Он усмехнулся, подвинул ей бокал с янтарной жидкостью.
— Просто не хочу, чтобы ты, как последний алкаш, бухала в гордом одиночестве. Твоё здоровье, — поднял бокал и опрокинул его в себя одним махом.
Даша сделала глоток и закашлялась.
— Дааа, это тебе не винишко. Благородный напиток. По-моему, если пить, то только его. А коли кутить не умеешь, то не берись. — было заметно, что за своим саркастическим настроением он прячет что-то другое.
Словно в нём кипит раздражение, но высказаться он не решается.
— Знаешь, меня и вино устраивало. Я не просила тебя приходить и накрывать здесь стол. И вообще, кажется, я просила тебя больше не беспокоить меня, нет? Так зачем ты приперся?
Савелий с задумчивым видом покрутил в руке бокал, как будто решал, раскрыть ей страшную тайну или пока не стоит.
— Давай ещё выпьём, — и снова виски полился в стаканы, отчего Даше стало дурно. Ещё немного и она просто свалится.
Но желая доказать что-то, кому-то, зачем-то… Всё же взяла в руку бокал.
— Выпью за то, чтобы вы наконец все отвалили от меня. — залпом осушила свою порцию и, зажав рот ладошкой, зажмурилась.
Пожалуй, это в первый и последний раз она так «гуляет». Больше просто не выдержит печень. Да и работу вскоре придётся искать, не до развлечений будет.
— Кто это «вы»? — пока Даша не очухалась, подлил ей ещё «чудо-эликсира», так хорошо развязывающего язык.
Девушка и не заметила, что её целенаправленно спаивают.

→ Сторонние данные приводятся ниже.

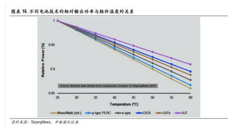 低溫度系數(shù)提高發(fā)電穩(wěn)定性:光伏電池在發(fā)電的過(guò)程中由于太陽(yáng)光的照射和自身電流產(chǎn)生的熱效應(yīng), 電池表面溫度會(huì)有一定程度的上升。一般情況下當(dāng)溫度上升時(shí),光伏電池的開(kāi)路電壓下降、短路電 流上升,且電壓降幅一般大于電流升幅,因此溫度上升一般會(huì)導(dǎo)致電池轉(zhuǎn)換效率下降。目前主流的 單晶 PERC電池的溫度系數(shù)一般在-0.4%/℃(即溫度每升高 1℃,發(fā)電功率相對(duì)于基準(zhǔn)功率降低 0.4%) 左右,而異質(zhì)結(jié)電池的溫度系數(shù)僅約-0.25%/℃,因此在長(zhǎng)時(shí)間光照溫度升高的情況下,使用異質(zhì)結(jié) 電池的光伏電站發(fā)電量和發(fā)電穩(wěn)定性都更高。

А может просто не была против.
— Ну, как кто? — вздохнула, поднимая на него осоловелый взгляд. — Ты, родители, прошлое моё дурацкое… Надоело, понимаешь? Надоело, что все лезут в мою жизнь и портят её в полной уверенности, что помогают. Вот ты… Ты знаешь, что у меня очень тяжёлое похмелье? Не знаешь… Ты думаешь, что помогаешь мне, а на самом деле делаешь только хуже. Завтра мне будет ещё хреновее, чем сегодня, — и, прервав свою пьяненькую речь, потянулась за добавкой горючего.
— Ничего, переживешь. Во всяком случае, похмелье лучше, чем… Ладно. Со мной всё понятно. А что насчёт родителей? У тебя с ними не очень отношения, да? — со знанием дела нажимал на нужные кнопочки, выведывая у неё нужную ему информацию.
Почему-то хотелось знать всё о её жизни из первых уст. Не сухие факты в виде медицинских заключений и прочих писулек, а именно то, что думает обо всем она сама.
— Ну… Знаешь, у нас довольно сложно всё. Они не могут забыть мне один проступок… А я не смогла их простить за равнодушие и жестокость. Мне тогда было так плохо… Я ведь ещё, по сути, была ребёнком, а они даже не выслушали. Не помогли забыть всё, не сказали, как должны говорить родители, что у меня ещё будет хороший парень и чтобы не казнила себя… Они ничего этого не сказали. Они просто плюнули на меня. Объявили, что им стыдно за такую дочь. Что я легкомысленная дура, малолетняя шалава… — глаза её наполнились слезами, а Гром понял, что вопросом о родителях попал точно в цель.